Assignment:
A faithful copy of all the data is required; pictures should not be included.

Data:
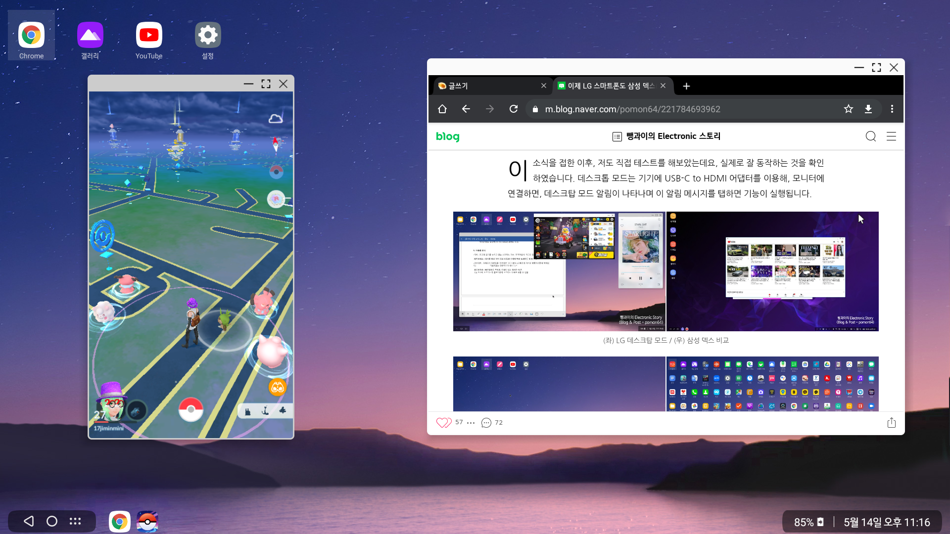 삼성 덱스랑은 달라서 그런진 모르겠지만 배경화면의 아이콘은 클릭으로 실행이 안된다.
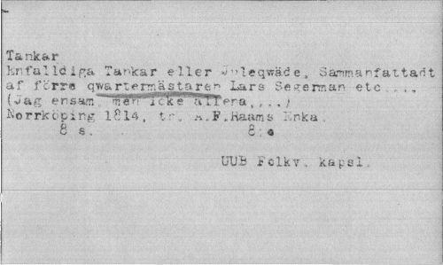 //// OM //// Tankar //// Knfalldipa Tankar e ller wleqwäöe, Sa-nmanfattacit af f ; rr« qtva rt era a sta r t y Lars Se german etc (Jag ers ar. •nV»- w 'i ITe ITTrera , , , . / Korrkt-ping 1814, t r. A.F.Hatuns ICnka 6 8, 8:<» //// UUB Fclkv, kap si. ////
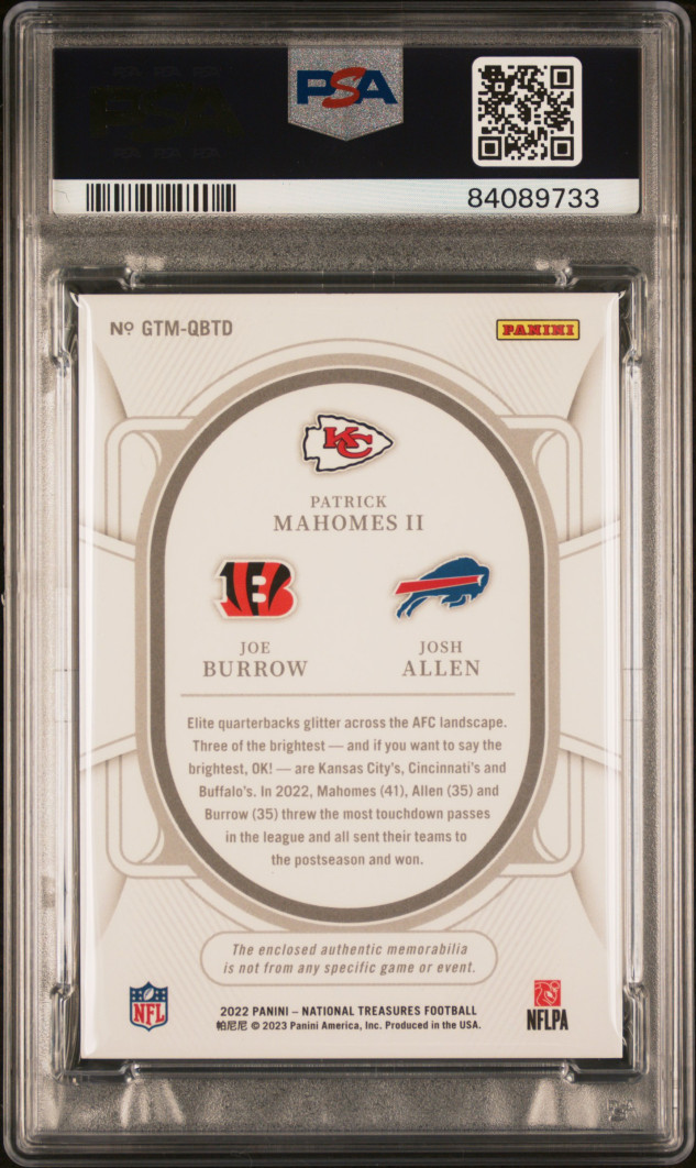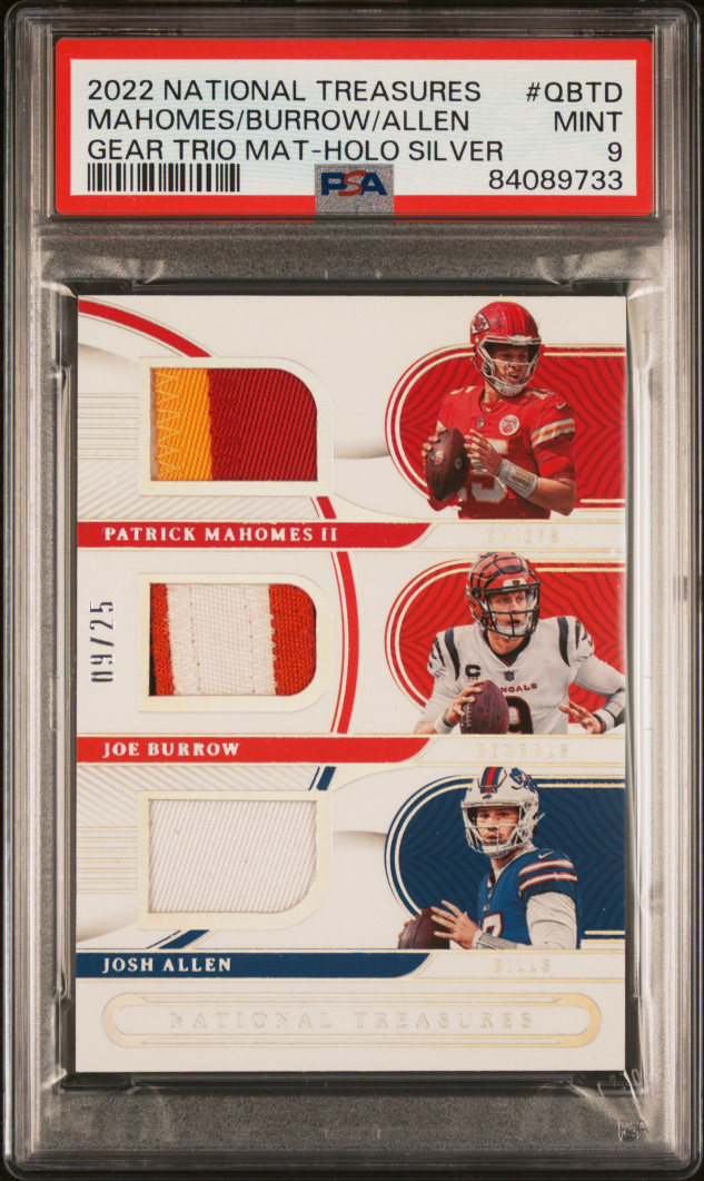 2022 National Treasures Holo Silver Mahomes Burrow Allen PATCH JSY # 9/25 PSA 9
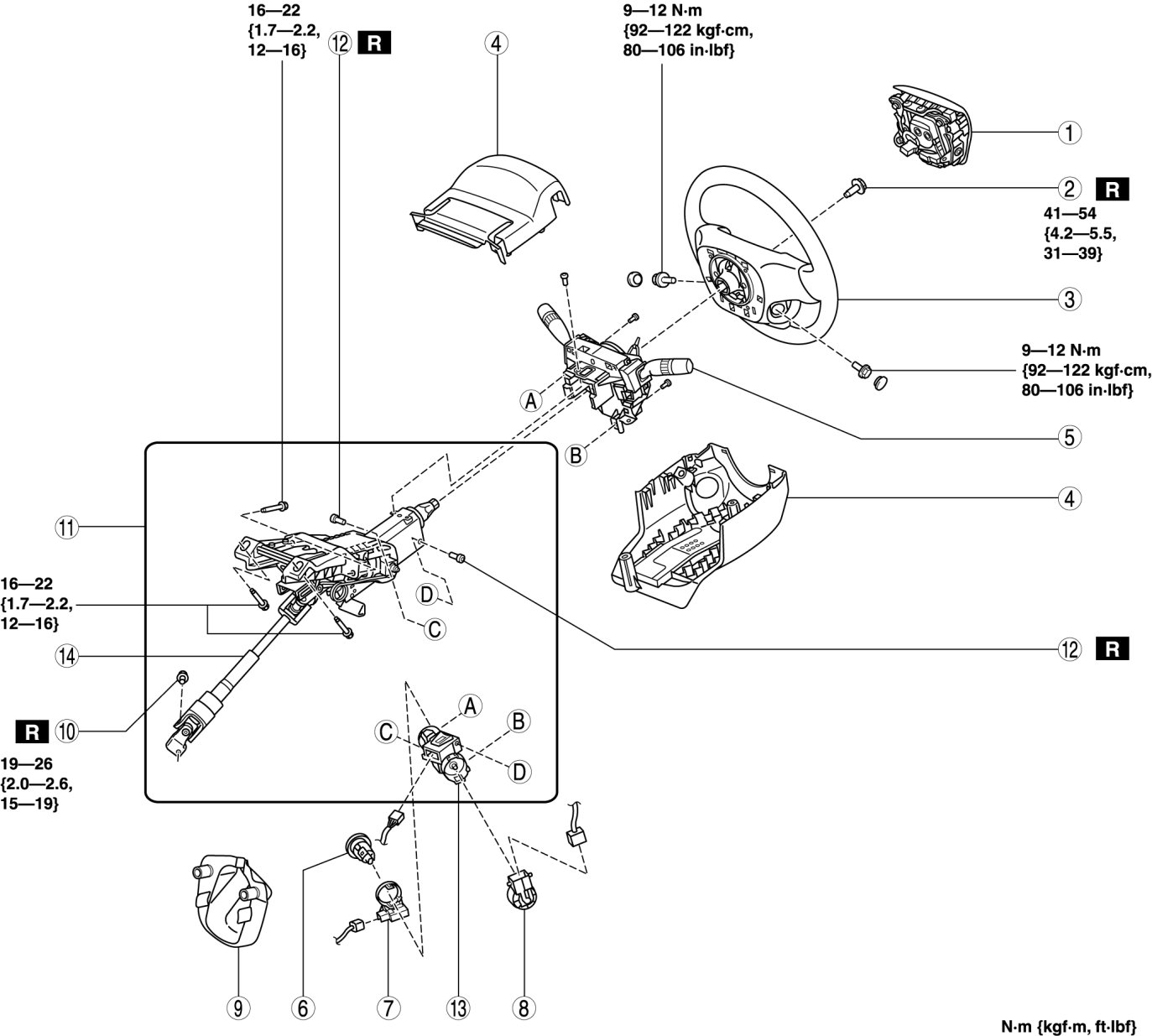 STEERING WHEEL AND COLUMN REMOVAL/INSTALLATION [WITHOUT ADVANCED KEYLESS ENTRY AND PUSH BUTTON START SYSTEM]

Answer for this exercise:
 삼성 덱스랑은 달라서 그런진 모르겠지만 배경화면의 아이콘은 클릭으로 실행이 안된다.
 //// OM //// Tankar //// Knfalldipa Tankar e ller wleqwäöe, Sa-nmanfattacit af f ; rr« qtva rt era a sta r t y Lars Se german etc (Jag ers ar. •nV»- w 'i ITe ITTrera , , , . / Korrkt-ping 1814, t r. A.F.Hatuns ICnka 6 8, 8:<» //// UUB Fclkv, kap si. ////
 2022 National Treasures Holo Silver Mahomes Burrow Allen PATCH JSY # 9/25 PSA 9
 STEERING WHEEL AND COLUMN REMOVAL/INSTALLATION [WITHOUT ADVANCED KEYLESS ENTRY AND PUSH BUTTON START SYSTEM]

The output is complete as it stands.